Money in the 17th century was calculated on the basis of pounds, shillings and pence (l.s.d., for libri, solidi, denarii, from the Latin).
2 farthings = 1 halfpenny (pronounced haypnee) 2 halfpence (pronounce haypence)= 1 penny (d) 12 pence (pennies) = 1 shilling 20 shillings = 1 pound
In addition there were other values of money used:
1 mark = 13s 4d (therefore half a mark = 6s 8d) 1 laurel = 20s (the king's head bore a laurel crown) 1 angel = 10s (the coin bore a figure of St Michael) 1 groat = 4d (therefore half a groat = 2d)
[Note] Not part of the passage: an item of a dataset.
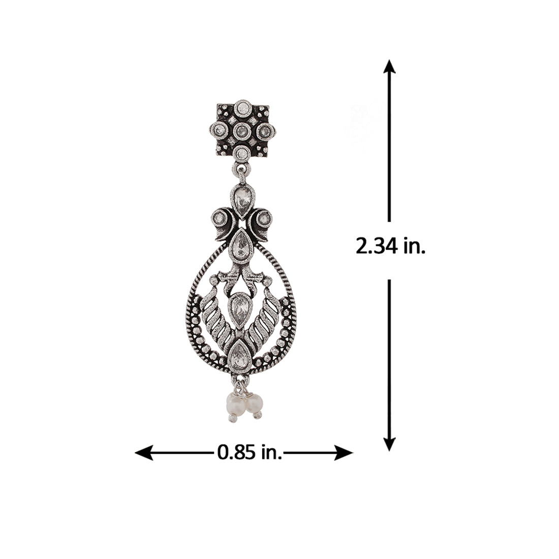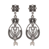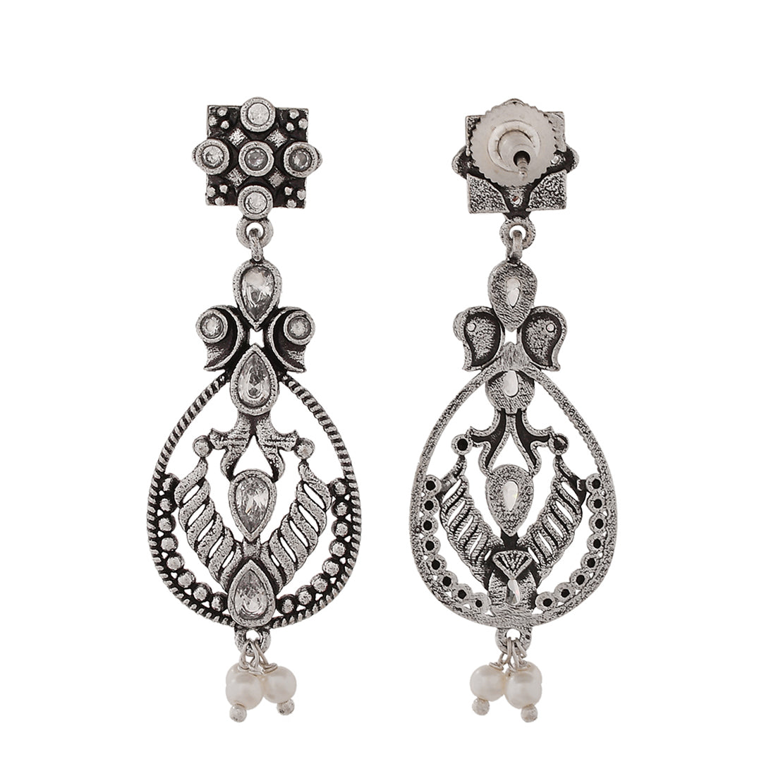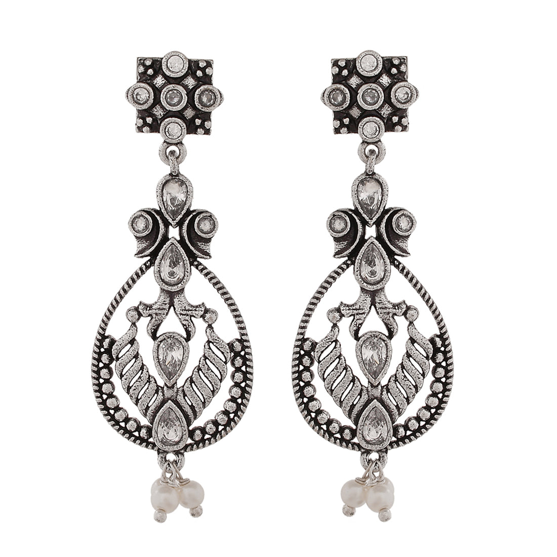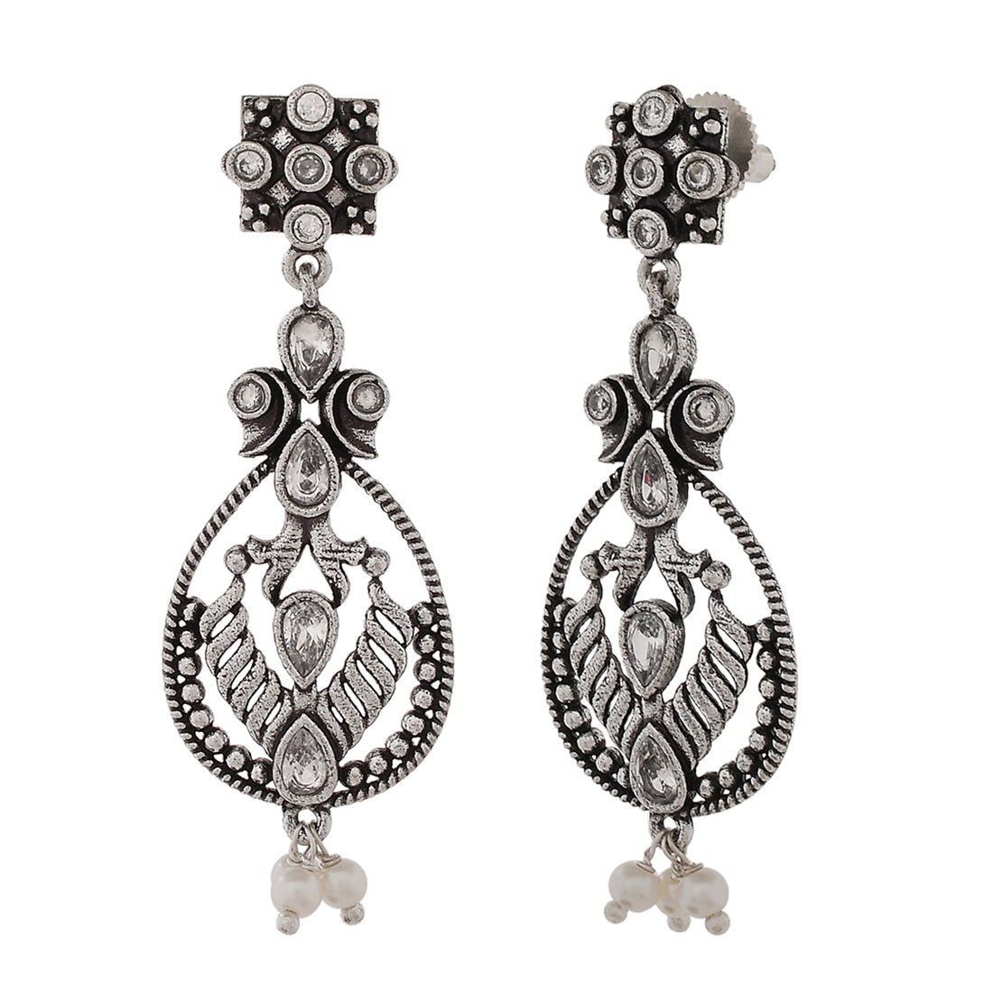 Abharan Oxidised Silver Plated White Pearls Drop Earrings

Many household accounts books of the time still typically used Roman numerals for calculations. It is therefore useful to remember the numbers used:
1= i, 2= ii, 3= iii, 4= iiii 5= v, 6= vi (v + i), 7= vii (v +i+i) and so on until 10= x, 20= xx and so on until 50= l 100= c 500= d 1000= m
Thus the number 1678 would have been represented by the letters: mdclxxviii (for 1000 + 500 + 100 + 50 + 10 + 10 + 5 + 1 + 1 + 1)
Typically the last i in a written number was represented by a j, so 4 would have been shown as iiij, or 6 as vj.